There were eight updates this year, but only one appears to be by the maintainer. Could you do me the favour to check the commit history for kodi at freshports and let me know if this looks like the port is abandoned? If that appears to be the case, I would gladly open a bug report.


----------



## rigoletto@ (Sep 30, 2019)

That surely is abandoned.


----------



## recluce (Sep 30, 2019)

As a first step, I have emailed the maintainer. Let's see if I'll get an answer.


----------



## recluce (Sep 30, 2019)

I got a reply from the maintainer, he has abandoned the port. Is there any special format to report an abandoned port on the bug tracker?


----------



## rigoletto@ (Sep 30, 2019)

No, just open the PR , tell the maintainer told you he/she abandoned the port etc. and ask to return the port to the pool (or ask to maintain it). 

I will not get that to fix because I am currently too busy with others things. 
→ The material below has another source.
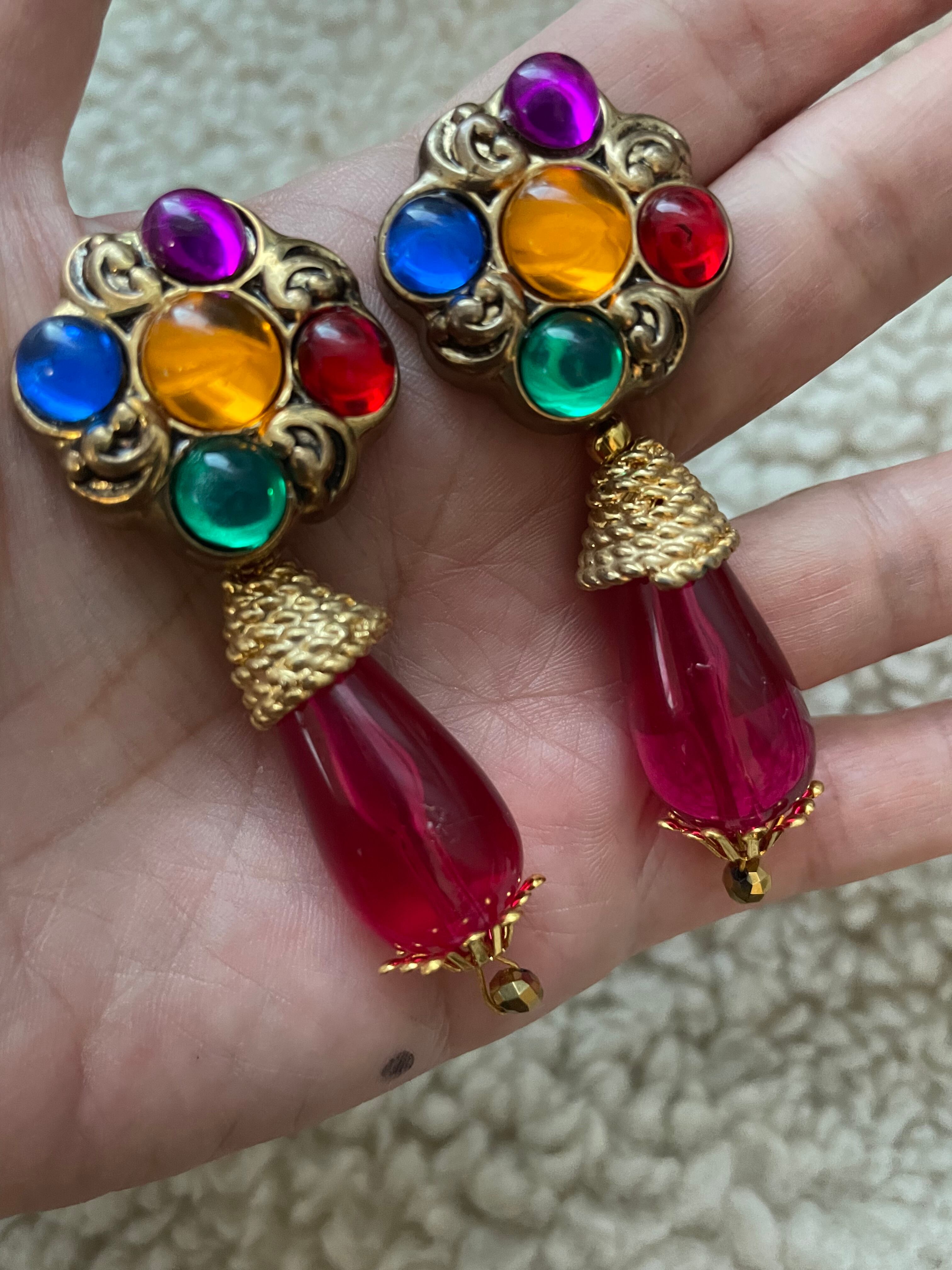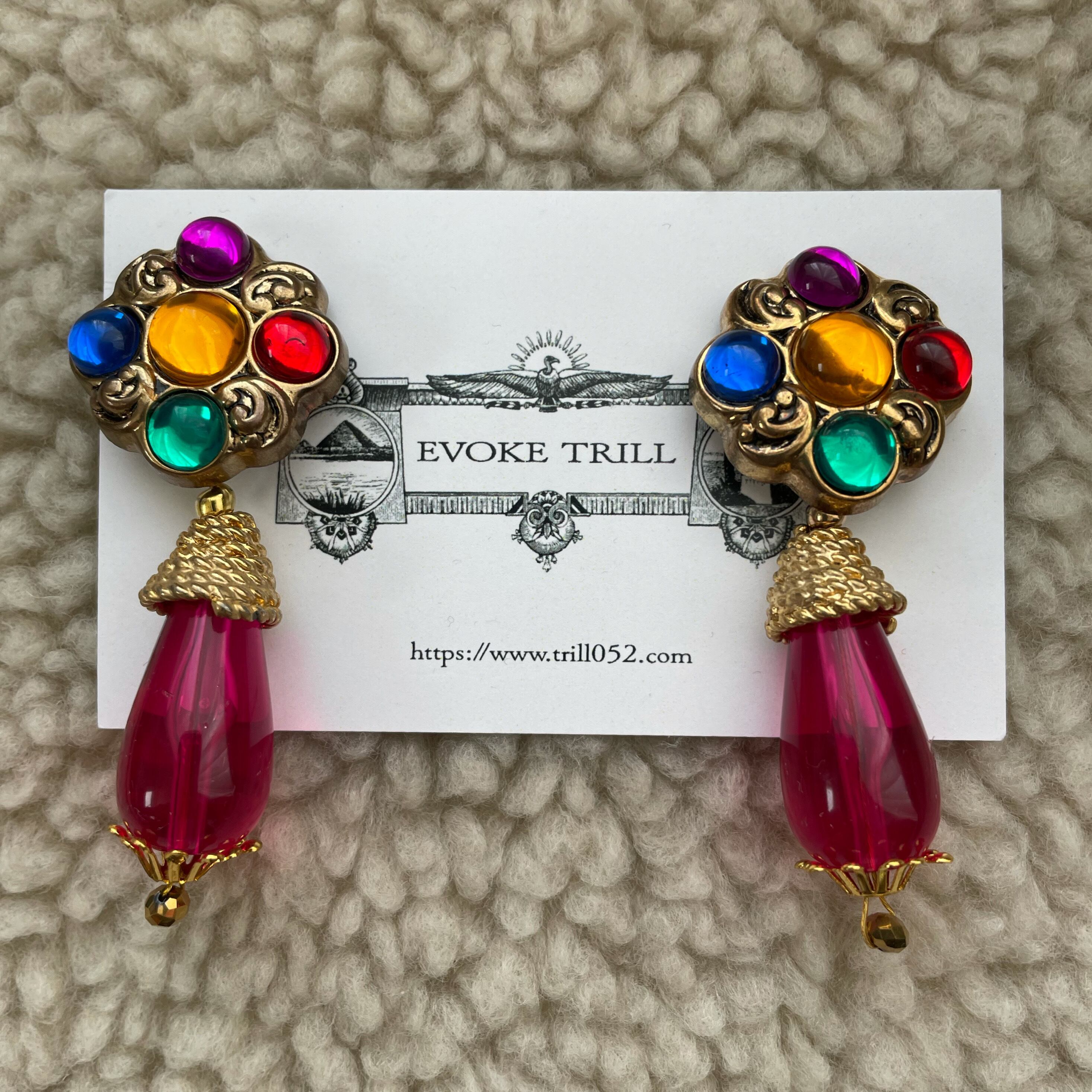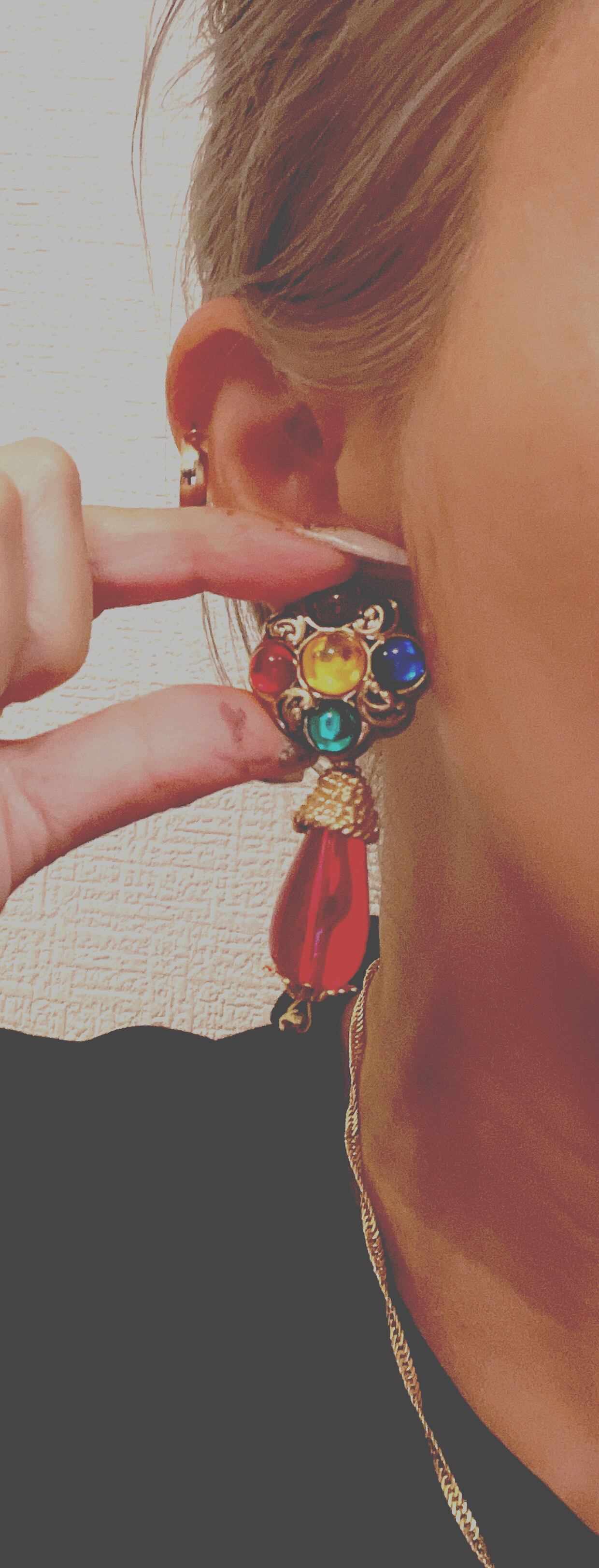 ヴィンテージ カラフル ビジュー ピアス【pink⠀】

This is pretty awful when some maintainer just abbandon a port without noticing it because we don't get the notice the port is out-of-date, just he/she.


----------



## recluce (Oct 1, 2019)

I have raised this as a bug and asked to return the port to the pool. While I can get stuff compiled, I am not a coder - so I probably would not make a good maintainer.

PR 240950

BTW, the notice about the bug is going to the maintainer not maintaining the port.


----------



## BuzzMarshall (Oct 1, 2019)

Probably just a lack of interest as to a lot of people switching or dabbling in linux any of the BSD's is to a large part unknown or just not enough public support to encourage peeps to look at it...

Even myself over the years have spent so many years in the typical linux environment that it was only recently i decided to come back to bsd derivatives because of some conversations with other devoted bsd users... I actually started out on the bsd's in the old days and moved to slackware and then out of conveniance of other sources got stuck in the debian/ubuntu rut...

My current efforts right now are on ARM support and having Kodi running on the current level of Arm driven SBC's and have made quite a bit of headway as i can compile and run the newest sources of kodi on the N2 and RockchipPro 64 boards but still have a few issues to solve... i basically just took the bsd github sources and created my own local build and keep patching and adding the missing peices as i found there really wasn't all that much current bsd information on either the ARM or Kodi...

Time is my issue as i have a couple of other projects nearing completion using Freebsd and the SBC's that have to take priority and the others i usually work with are busy as well on other projects... Usually we stay private as were not social creatures by nature but i joined here awhile back just to watch and see if and how many others take a interest in the Arm/Bsd thing...

Hopefully later in the fall we will put up a github and expose some of what we are working on to help others get a foot hold and move forward...  best wishes, nice to see you interested...


----------